他的大声喧哗又引来了看客的围观,也不知道为什么情绪那是越来越激动,
“凭什么你能这么幸运!凭什么!天道不公!朝廷不公!”
就像找到什么发泄口似的,伸出指甲已经极为尖长的手,就要去拽苏清风的衣襟。
金眸仍然澄澈,苏清风努力地回想了一下,然后……
真的没有想起对方是谁。
“你是谁啊?再不说,我可要使出绝招了。”
只是后撤了半步,苏清风就轻易地躲过了对方的动作。反而那疯癫的书生被绊倒,结结实实地摔了个狗啃泥。
“你敢辱我!待我拨乱反正,一切都是我的,美人,财富,权力,都是我的!哈哈哈!”
看到对方发疯,不仅污蔑自己的心上人,还要出手攻击。琼鼻微皱,鹅蛋脸已是极为不悦。
真是瞎了眼了,乱动什么善心。果然古人说得对,可怜之人必有可恨之处,可恨之人必有可悲之苦。
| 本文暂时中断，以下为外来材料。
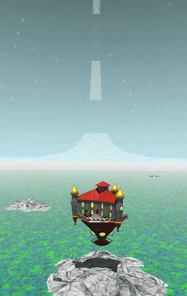 Buildings: These images of floating buildings courtesy of John C. Atkeson. John used Ray Dream 5 to create these fantastic images. In the second and third images, the building hovers above a patch of exposed scrith on the Ringworld surface.

手刚搭在储物镯上,皓腕就被那指节分明的手握住。扭起头望去,就看到这银发金眸的家伙,唇角勾起,然后长吸一口气:
“绣衣卫!绣衣卫!救命啊!有没有绣衣卫啊!有人光天化日之下,强抢民男啊!再不来救我,我的贞操……”
而在外蹲候多时的绣衣卫们,先是抬头望天,早已日薄西山。
接着又看向咸亨酒店内,苏清风一尘不染,脚精准地压住对方的手筋,让对方一时半刻无法起身。自己喊得那是中气十足。
最后看向周身早已灵气缭绕的柳儒依。他们还是沉默地冲了进去。
这位真正的国师明明有很多解决方案,但果然还是选择了槽点最多的那一个。
“绣衣卫办事,闲杂人等,速速避让!”
缠绕着幽绿色冥气的长枪一甩,强横的劲风直接将看客吹离了一大步。
“砰砰砰”一阵泥碗爆碎的声音响起。所有站着喝酒的短衫客们都被溅了一身酒水,却一声也不敢吭。
甚至连议论的勇气都不敢有,纷纷远离了数尺的距离,也不敢逃离绣衣卫的视线,生怕被扣上什么罪名。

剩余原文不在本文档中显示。